彼の瞳と決別と(KAC20244参加 )

うり北 うりこ

第1話


 隣に寝そべる半裸の男を見る。

 いつからだろう。隣にいても、視線が合わなくなったのは。

 いや、最初からだったかもしれない。

 

 どんなに体を重ねたところで、こいつが好きなのは私じゃないから。

 


「タク、今日も泊まっていくの?」

「んー」

 

 イエスともノーとも言えない返答。

 スマホゲームから視線を一切離すことはない。

 私の方を向いているのは、欲望を吐き出す時だけだ。

 

「今度の連休にお姉ちゃん、帰ってくるって」

「マジ!?」

 

 久々に交わったタクの瞳に私が映る。

 情けない、今にも泣き出しそうな顔。

 そんな私のことなどお構い無しに、タクはお姉ちゃんの話をする。

 

「実家、帰るよな? 俺も行くから」

 

 そう言って、再び視線はスマホに固定された。

 本当はお姉ちゃんが帰ってくることを言う気はなかった。
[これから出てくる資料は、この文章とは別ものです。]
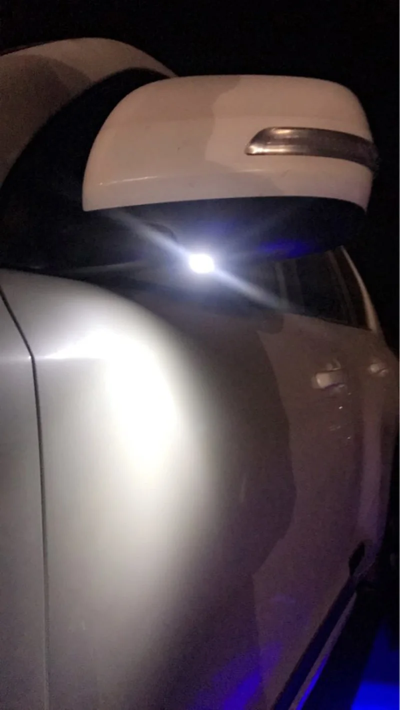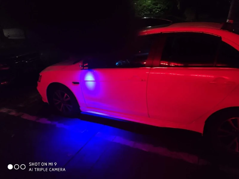 Этот мини-светильник также можно установить наЗеркало заднего видаКак вниз светильник, можно установить наАвтомобильная дверьКак Добро пожаловать ночной Светильник шаг светильник см установка эффекты ниже: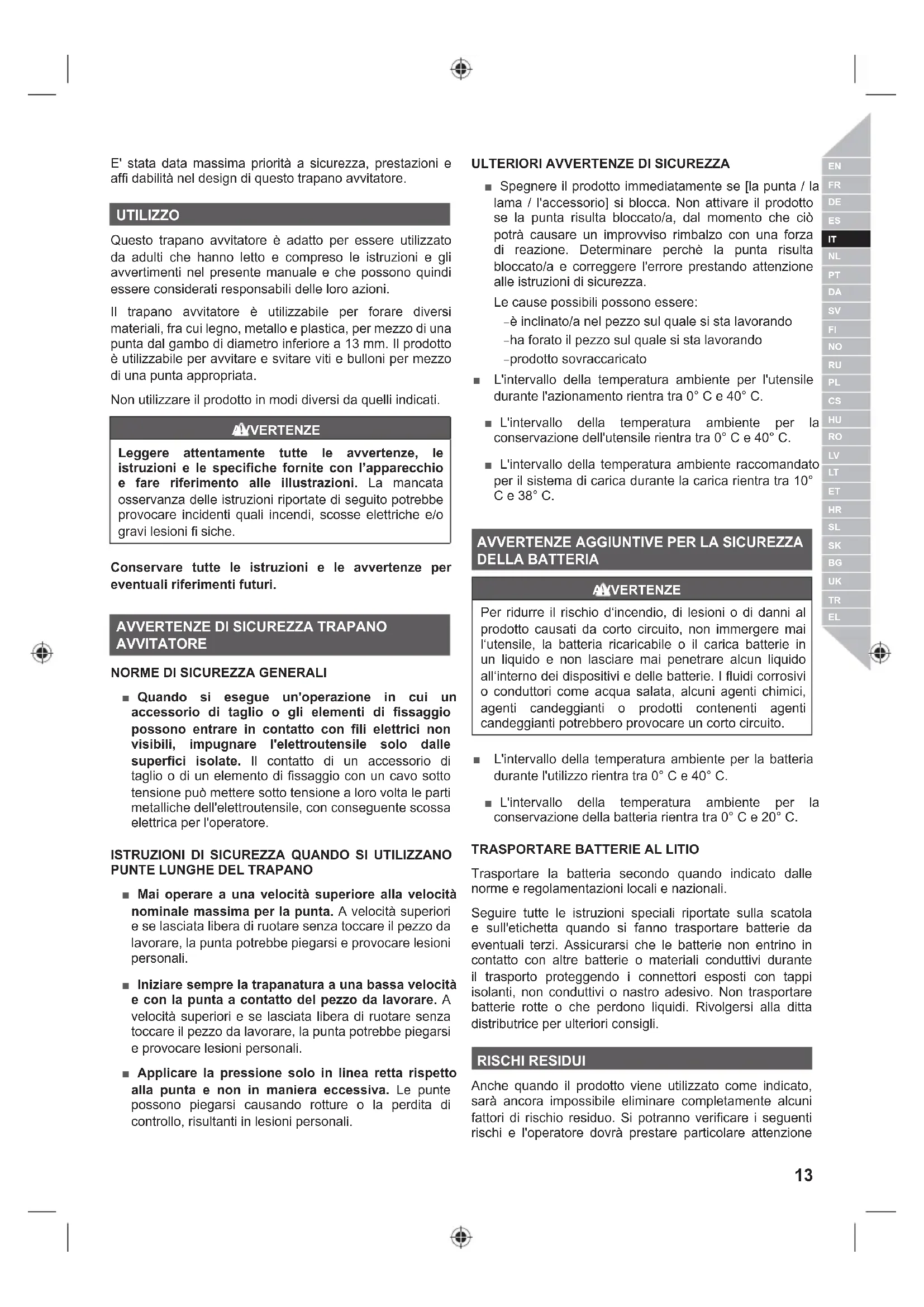 E' stata data massima priorità a sicurezza, prestazioni e affi dabilità nel design di questo trapano avvitatore. UTILIZZO Questo trapano avvitatore è adatto per essere utilizzato da adulti che hanno letto e compreso le istruzioni e gli avvertimenti nel presente manuale e che possono quindi essere considerati responsabili delle loro azioni. Il trapano avvitatore è utilizzabile per forare diversi materiali, fra cui legno, metallo e plastica, per mezzo di una punta dal gambo di diametro inferiore a 13 mm. Il prodotto è utilizzabile per avvitare e svitare viti e bulloni per mezzo di una punta appropriata. Non utilizzare il prodotto in modi diversi da quelli indicati. AVVERTENZE Leggere attentamente tutte le avvertenze, le istruzioni e le specifiche fornite con l’apparecchio e fare riferimento alle illustrazioni. La mancata osservanza delle istruzioni riportate di seguito potrebbe provocare incidenti quali incendi, scosse elettriche e/o gravi lesioni fi siche. Conservare tutte le istruzioni e le avvertenze per eventuali riferimenti futuri.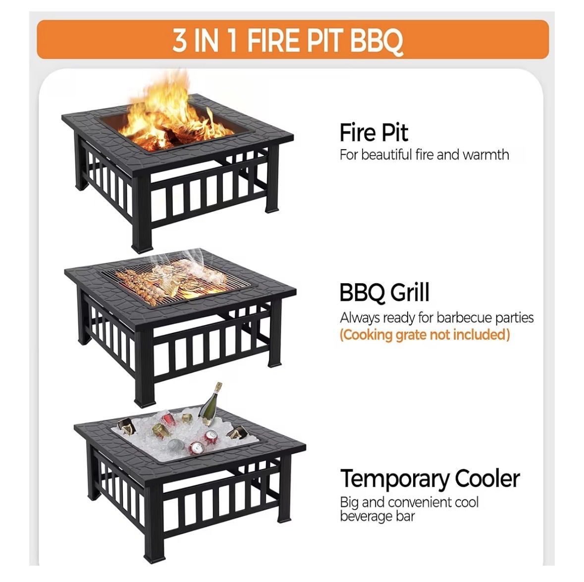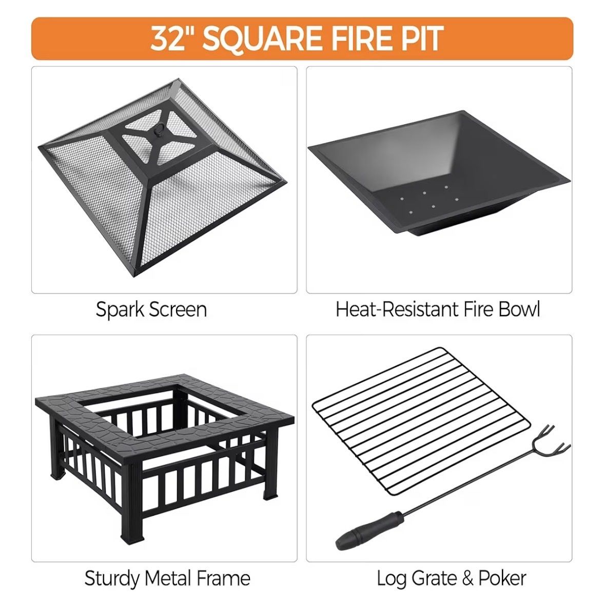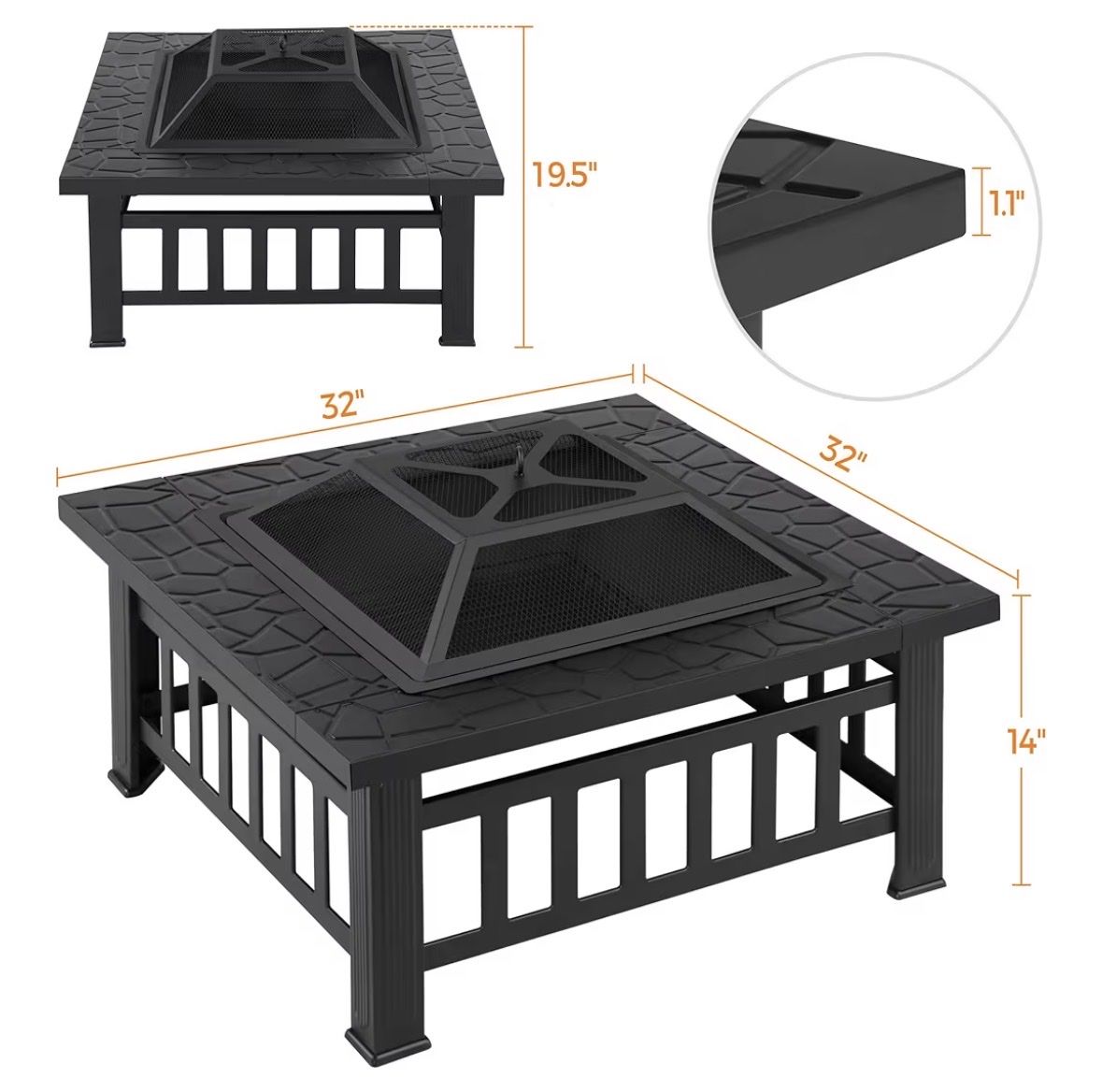VenmoBrand new in box, never been assembled. See pics for details. Yaheetech Multifunctional Fire Pit Table 32in Square Metal Firepit Stove Backyard Patio Garden Fireplace for Camping, Outdoor Heating, Bonfire and Picnic

その時だけは、私の方を見るのだとしても。

 

「私、帰らないよ」

 

 イヤホンまで付けてしまったタクに、私の言葉は届かない。

 

「何で私じゃダメなの?」


 告白をしたことはない。すれば、タクの隣にいられなくなるから。

 都合の良い女で良かった。二番目でも良かった。


 嘘。タクがお姉ちゃんに告白して振られるのを待っていた。一番近くにいれば、いつか私を好きになってくれるんじゃないかって期待していた。


「タクが好きなの」


 返事はない。

 そりゃそうだ。聞こえてすらいないのだから。



 タクの左耳のイヤホンを取れば、眉間にシワを寄せられる。


「何だよ」

「私、帰らないよ。一人で行って」

「はぁ? 俺だけじゃ会いに行く理由がないだろ」

「自分の恋に私を巻き込まないで」


 見開いた目が私の姿を捕らえた。

 今更だ。タクの目に映れたとして、もう今更なのだ。


「告白されたの。タクと違って誠実な人」


 嘘をついた。

 引き止めて欲しい、解放されたい。二つの感情が混ざり合う。


「タクとは、もう会わない」


 こんなことでタクは傷つかないだろう。

 それでも、ほんの少し……ささくれ程度でいい。傷つけたかった。

 タクの心に私を刻み付けたかった。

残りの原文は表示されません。